Kamis, 02 Desember 2010

Adilla Laa Miria

Kuterpaku, terpesona saat kau mulai hiasi tiap awal hari yang akan kujalani. Berdiri 15 menit, bersandar pada sebuah gapura, menunggu bus yang kau tunggu datang menjemputmu. Kau paksaku tuk selalu bangun pagi, meski itu kebiasaan yang tak pernah kujalani. Bahkan membuat kurela melewati malam tanpa mata terpejam. Karena kutahu, kau tak pernah biarkan indahmu kunikmati setelah jarum panjang jam dinding kamarku melewati angka enam. Kau akan hukum aku dengan penyesalan jalani hari ini tanpa bisa melihat wajahmu. Wajah yang tak pernah kulupa tapi selalu ingin kurekam tiap saat, tiap detik, atau setidaknya tiap hari.
Wajah dengan mata yang membuat sisi gelap jiwaku tertidur. Saat sinar matamu menyilaukan mata batinku. Lupa, dan tak pernah ingin tersadar, siapa kau dan aku ini siapa. Aku hanya ingin tahu, kau wanita sempurna yang telah membuatku tak lagi berharap terperangkap dalam hati wanita tanpa ikatan yang dihadiri saksi, wali dan membuat komitmen dalam kalimat ijab qabul. Sejak pertama kali kusadari hadirmu. Entah sampai kapan. Selamanya atau sampai hilang harapku. Yang kutahu sampai saat ini aku masih bertahan, terus bermimpi, meski terkadang aku semakin sering lupa, sedang bermimpikah aku atau terjaga.

Impianku tentangmu membuatku gila. Datang 2 kali tiap pekan, mengikuti pengajian abahmu hanya untuk mencoba memahami pola pikir dan cara pandang beliau. Bukan untuk mendengar penjelasan yang beliau sampaikan. Meski pada akhirnya aku benar - benar menikmati setiap kalimat, setiap permasalahan dan cara pemecahan yang beliau uraikan. Dan itu membuatku semakin terobsesi dengan mimpiku tentangmu. Aku selalu berkhayal, aku duduk berdua dengan beliau, menikmati kopi Sarang, dan seandainya diizinkan, tentu saja tak boleh ketinggalan kepulan asap yang akan mengurangi tingkat ketegangan, nervous dan sungkan saat berbicara di hadapan beliau. Menghabiskan malam dengan perbincangan segala permasalahan yang sering mengganggu pikiran kami, tentang politik, sosial budaya, pendidikan yang dikemas dengan bungkus khas Islam. Islam yang moderat, yang mampu berasimilasi dengan budaya lokal. Seperti itu juga yang bisa kutangkap sebagai prinsip beragama beliau melalui pengajian yang aku ikuti. Tak jauh berbeda dengan cara pandang yang aku miliki. Bahkan berkali - kali beliau seperti menegaskan pendapat yang sebelumnya telah kupilih.

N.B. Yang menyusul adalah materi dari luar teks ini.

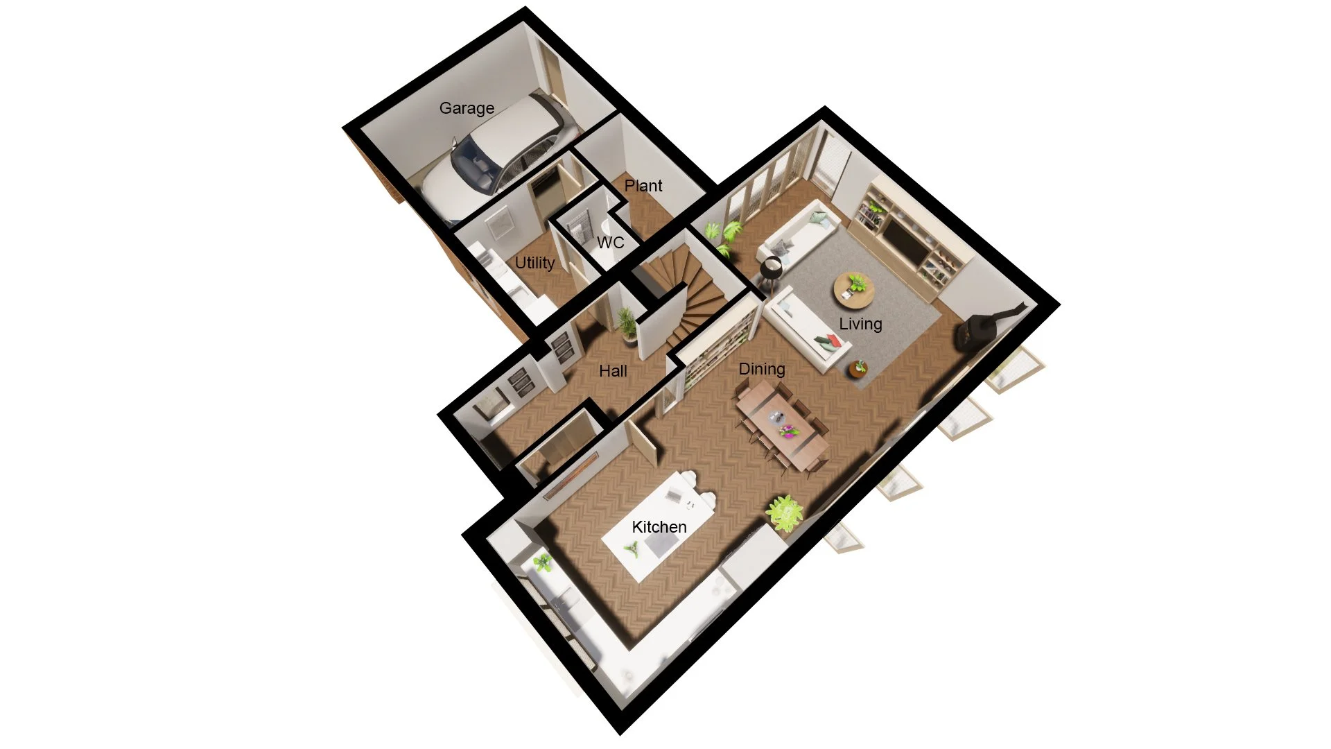 This generous open-plan living gives kitchen, diner and living area throughout the ground floor with access west and south on to the wrap-around garden.

Ada sebuah rasa berat saat aku mulai berpikir menyudahi sementara, atau untuk selamanya, petualangan yang aku jalani di sini. Pergi ke suatu tempat, dimanapun itu, asalkan aku bisa melanjutkan perjalanan yang aku kehendaki. Dan itu artinya, saat itu juga, tak bisa lagi kunikmati indahmu, mungkin untuk selamanya. Tak pernah ada lagi kesempatan, waktu yang berulang, yang bisa aku manfaatkan untuk melanjutkan mimpiku tentangmu. Namun disisi lain, logikaku berbisik, jika aku tetap di sini, itu sama saja aku membunuh mimipiku sendiri, dan mungkin selamanya aku hanya dapat bermimpi. Dan selamanya tak pernah lagi dapat kutemui pagi.

Ini adalah hari terkahir aku disini. Semalam mataku sedetikpun tak terpejam. Memikirkan apa yang bisa kujadikan alasan yang nanti kusampaikan pada mereka. Tapi yang lebih aku pikirkan, apakah dalam sedikit waktu yang tersisa ini, aku masih bisa menanti sebuah keajaiban. Aku tak akan kehilanganmu meski sebentar lagi kau akan semakin sering mendatangi mimpiku. Besok pagi mungkin adalah terakhir kalinya aku bisa menikmatimu berdiri 15 menit di depan gapura. Berharap semua bus esok hari tidak beroperasi, berharap bisa menikmati indahmu selama mungkin.

Pagi ini aku sengaja mendekat, duduk di depan toko kitab. Menunggu waktu berjalan cepat sampai pukul 06.15. Setelah itu berhenti.